Dictionaries are mutable collections of key-value pairs. Keys must be immutable and unique.

In [None]:
# Creating and accessing dictionaries
data_scientist = {
    'name': 'Alex',
    'skills': ['Python', 'Machine Learning', 'SQL'],
    'experience_years': 4,
    'education': {'degree': 'Master\'s', 'field': 'Data Science'}
}

# Accessing values
print(f"Name: {data_scientist['name']}")
print(f"First skill: {data_scientist['skills'][0]}")
print(f"Degree: {data_scientist['education']['degree']}")
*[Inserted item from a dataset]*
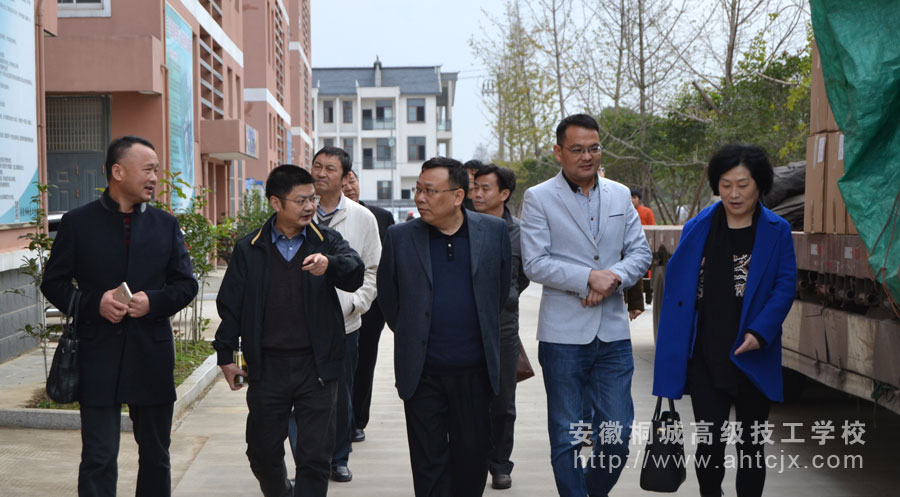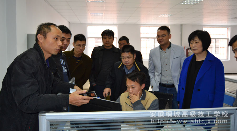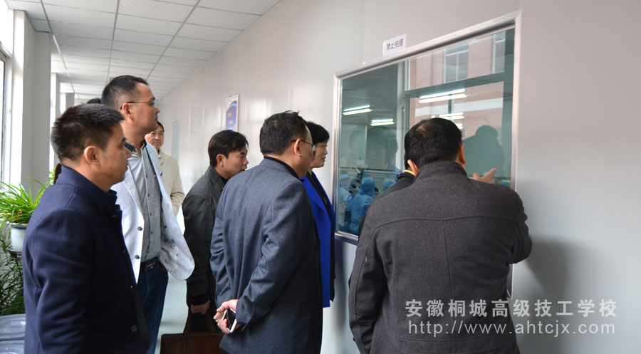 2016年11月8日下午,安庆市教育体育局副局长周泉一行来校就桐城高级技工学校二期校企合作工作开展情况进行调研,桐城市副市长马玉荣、教育局局长金锰、桐城高级技工学校校长郭昌盛陪同参观调研。

# Adding and modifying entries
data_scientist['location'] = 'New York'
data_scientist['experience_years'] = 5

print(f"Updated dictionary: {data_scientist}")

# Dictionary methods
print(f"Keys: {list(data_scientist.keys())}")
print(f"Values: {list(data_scientist.values())}")
print(f"Items: {list(data_scientist.items())}")

## Tuples

Tuples are immutable, ordered collections. They're often used to store related pieces of data.

In [None]:
# Creating and using tuples
point = (3, 4)
person = ('John', 'Doe', 35, 'Developer')

# Unpacking tuples
x, y = point
print(f"x={x}, y={y}")

first_name, last_name, age, occupation = person
print(f"{first_name} {last_name} is {age} years old and works as a {occupation}")

# Tuples are immutable
try:
    person[0] = 'Jane'  # This will raise an error
except TypeError as e:
    print(f"Error: {e}")

## Sets

Sets are unordered collections of unique elements. They're useful for membership testing and eliminating duplicates.

In [None]:
# Creating and using sets
fruits = {'apple', 'banana', 'orange', 'apple', 'pear'}
print(f"Fruits set (notice no duplicates): {fruits}")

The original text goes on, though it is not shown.